> Work to be completed
With the pictures omitted, print exactly the lines below, from the one containing "南部宋卡府合艾市的洪水退去后" through the one containing "And this Webmethod", and nothing else.
*** Data records
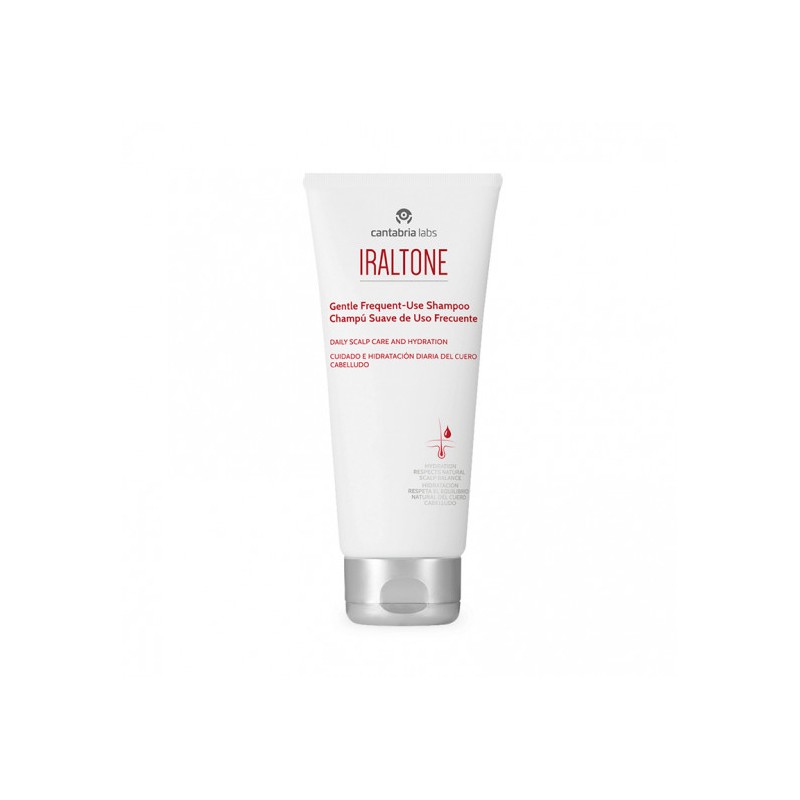 Iraltone champu uso frecuente 200mL. Limpia en profundidad sin dañar el manto lípidico, ayudando a reparar el cabello dañado.
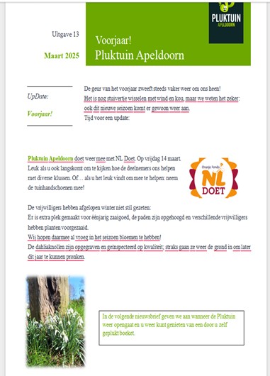 Vrijdag 15 maart bent u van harte welkom in Pluktuin Apeldoorn.
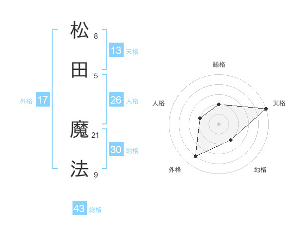 松田 魔法さんの天格は13画の5点!
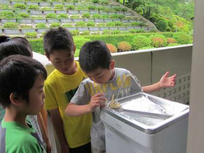 また,出来上がったばかりの水を飲ませてもらって,「おいしい。」「家の水(水道水)と違う気がする。」とおいしそうに飲んでいました。
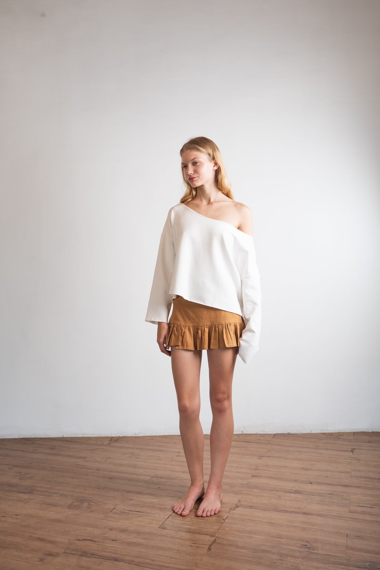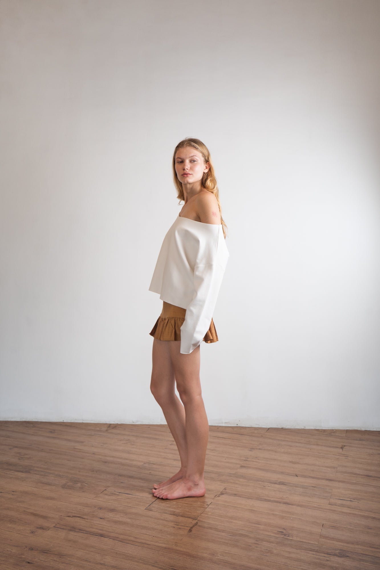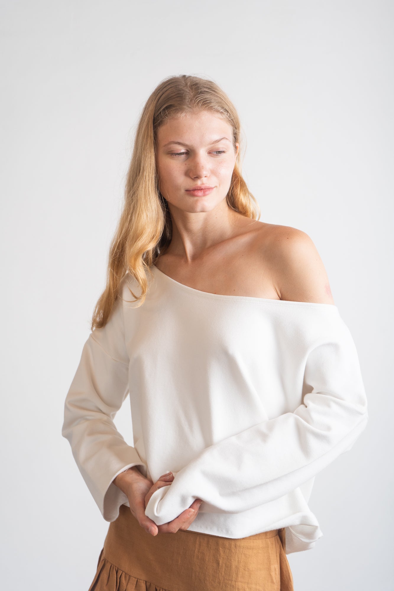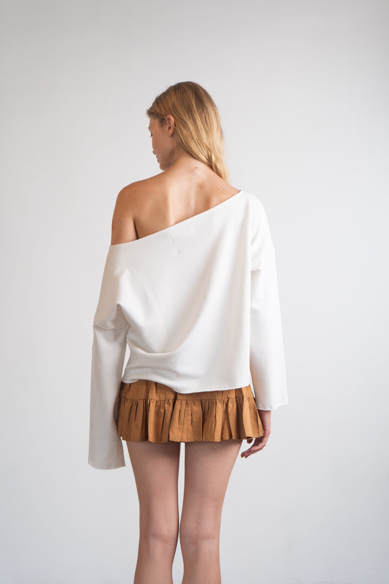 Cozy up in the SHOFI EDGE TOP Natural, crafted from sustainable bamboo fleece with OEKO-TEX® certifications, that feels as soft as a hug. Its short sweater design with an open neck and charming raw edges adds a playful touch to your casual look. Perfect for staying warm and super cute all day long!
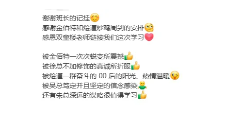創始人朱濤加(jiā)入樓老師(shī)的“弟子班”後,她跟隨旁聽了開學模塊的《創業者成長》課程(chéng),沒想到一下子打開了她(tā)的思維,決定嚐試輪值(zhí)生產一把手,找到未來成長的新(xīn)定位。幾個月後,經過深(shēn)入(rù)現場,她(tā)敏銳地發現管理問(wèn)題,進而提出了眾多有效的提升(shēng)優化方式。
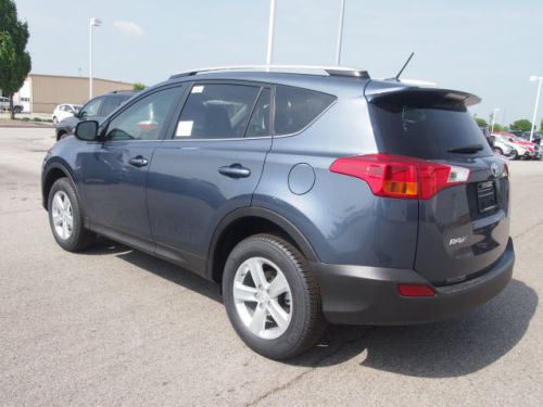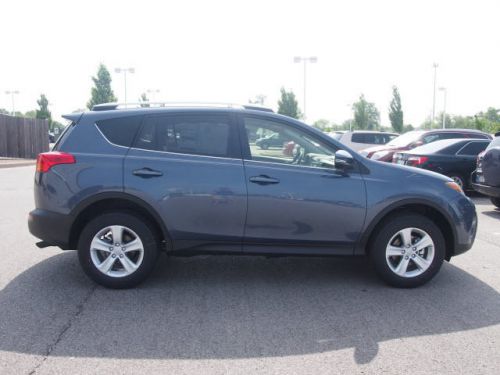 This RAV4 XLE in Shoreline Blue Pearl is a 4 Door Sport Utility with Remote keyless entry, Power moon-roof, Entune Premium Audio with Navigation, Carpet Floor and Cargo Mats, Front Bucket Seats, Split folding rear seat, Front dual zone A/C, CD player and MP3 decoder, Steering wheel mounted audio controls, Telescoping and Tilt steering wheel, Front fog lights, Rear window wiper, Roof rack: rails only, Turn signal indicator mirrors, AWD, Alloy wheels and Traction control.
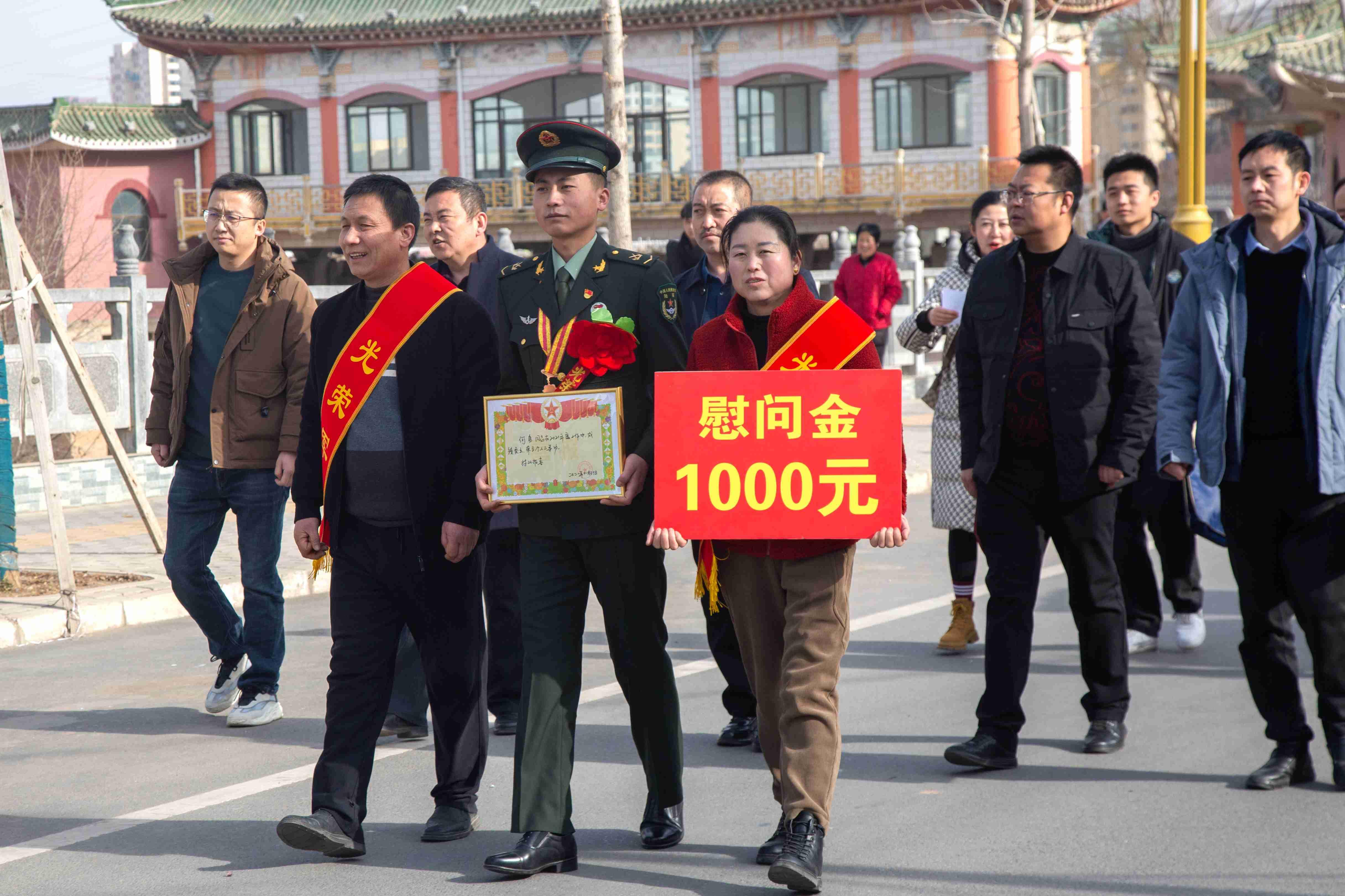 在喜庆的节日气氛中,1月28日,现役军人何勇及其家属收到了县退役军人事务局和城关镇负责人送来的立功喜报。
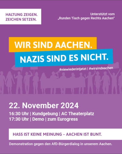 Wir teilen den Aufruf des Bündnis "Wir sind Aachen", am 22.11.24 für ein solidarisches Aachen auf die Straße zu gehen.
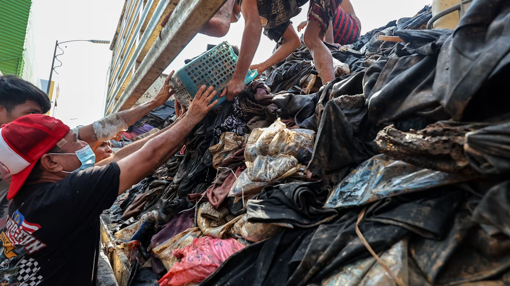 南部宋卡府合艾市的洪水退去后,昨天(29日)的合艾广场和金永市场一片热闹景象。商家将被洪水浸泡、沾满淤泥的商品摆出清仓抛售,包括家居用品、床上用品及衣物等,有些已经清洗,有些尚未处理。
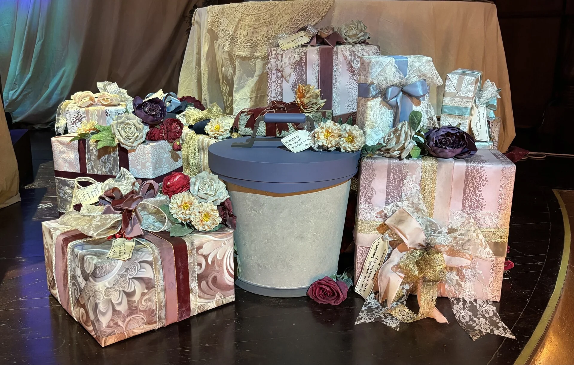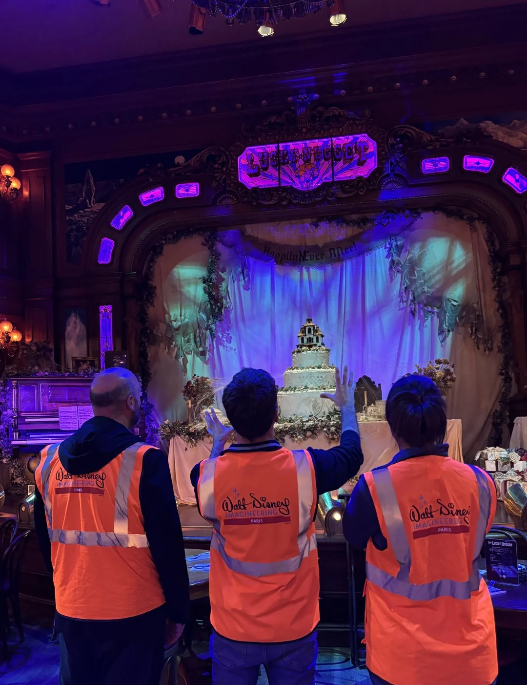 « Un détail que j’apprécie beaucoup est la silhouette de Phantom Manor en haut de la pièce montée. Grâce à elle, on se rend bien compte que l’établissement The Lucky Nugget Saloon a tout fait en sorte pour satisfaire et honorer l’homme le plus riche de la ville en célébrant les noces de sa fille », précise Thomas Levert. « Si vous regardez attentivement les éléments de décors, on retrouve un autre détail que j’affectionne particulièrement : le nom du futur mari de Melanie Ravenswood semble ne jamais être visible. Le mystère reste entier ! D’ailleurs, les quatre menus situés sur la table principale en est un bon exemple : le nom du mari est systématiquement effacé, à l’image de la disparition des quatre prétendants. »
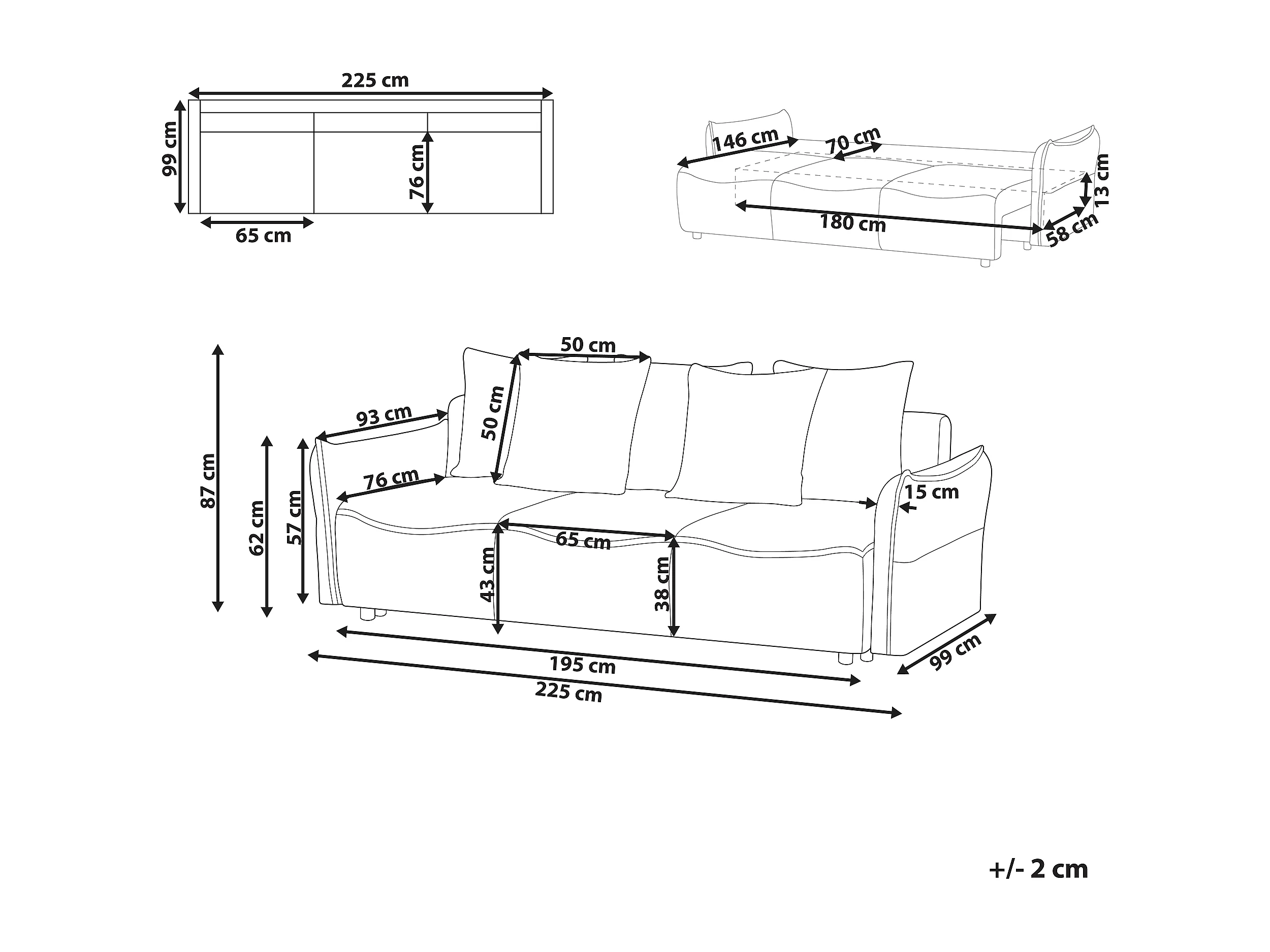 Canapé-lit 3 places KRAMA Bouclé Blanc avec rangement
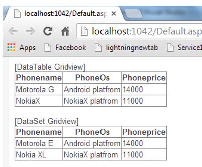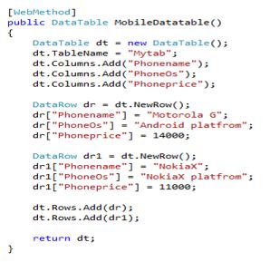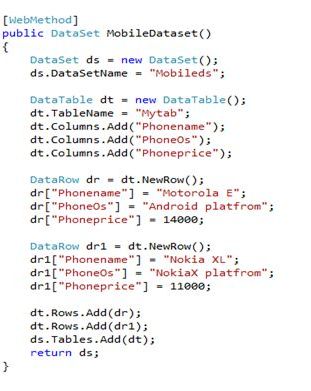 And this Webmethod will return a DataSet. - DataTable code snippet.
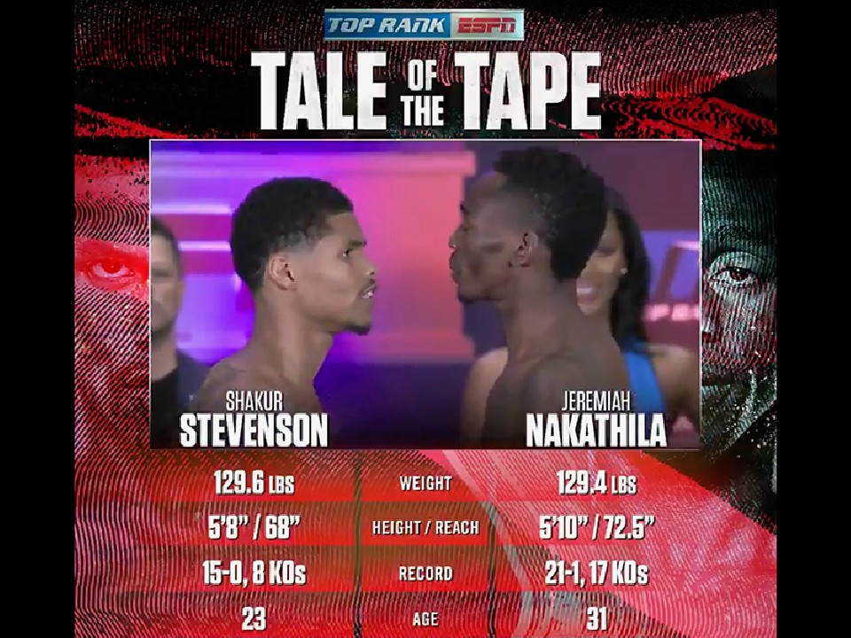 スティーブンソンは、19年10月に空位のWBOフェザー級王座を獲得すると防衛をしないまま返上、階級を上げて2連勝を重ねた。暫定王座ながら2階級制覇を達成しビッグマッチを目論む。世界初挑戦で初めてラスベガスのリングに立つナカティアは、16年11月に敵地ロシアで敗れるもその後は10連続KO勝利でこの暫定王座決定戦のチャンスを掴んだ。
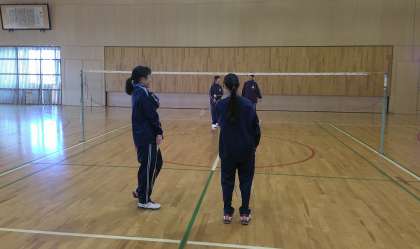 バドミントン部の活動の様子です。楽しく練習、いいですね
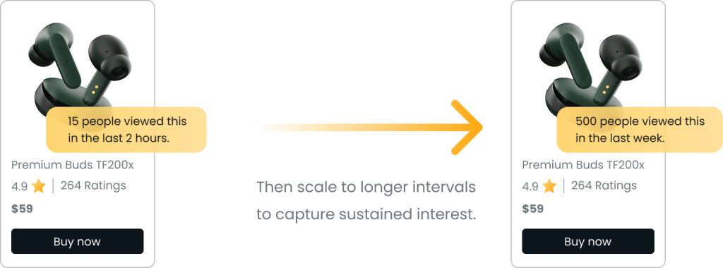 Notice how coverage grows with longer intervals and lower thresholds. This flexibility helps tailor social proof messaging solutions to different business realities — from the urgency of flash sales to sustained interest in core categories.
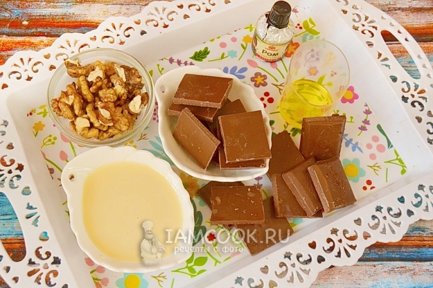 Для ганаша (начинки) нам понадобятся шоколад, орехи, масло грецкого ореха, ароматизатор и сгущенка. Оболочка — из молочного шоколада. Норма шоколада в рецептуре указана больше, чем нужно для производства конфет, так комфортнее с ним работать. Остатки потом можно будет собрать и использовать повторно. Я рекомендую под рукой иметь еще и какао-масло. Если шоколад будет обладать слабой текучестью, то какао-масло исправит положение. В данном случае мне тоже пришлось прибегнуть к какао-маслу, хотя изначально я его не планировала использовать.
******
> Reply
 南部宋卡府合艾市的洪水退去后,昨天(29日)的合艾广场和金永市场一片热闹景象。商家将被洪水浸泡、沾满淤泥的商品摆出清仓抛售,包括家居用品、床上用品及衣物等,有些已经清洗,有些尚未处理。
 « Un détail que j’apprécie beaucoup est la silhouette de Phantom Manor en haut de la pièce montée. Grâce à elle, on se rend bien compte que l’établissement The Lucky Nugget Saloon a tout fait en sorte pour satisfaire et honorer l’homme le plus riche de la ville en célébrant les noces de sa fille », précise Thomas Levert. « Si vous regardez attentivement les éléments de décors, on retrouve un autre détail que j’affectionne particulièrement : le nom du futur mari de Melanie Ravenswood semble ne jamais être visible. Le mystère reste entier ! D’ailleurs, les quatre menus situés sur la table principale en est un bon exemple : le nom du mari est systématiquement effacé, à l’image de la disparition des quatre prétendants. »
 Canapé-lit 3 places KRAMA Bouclé Blanc avec rangement
 And this Webmethod will return a DataSet. - DataTable code snippet.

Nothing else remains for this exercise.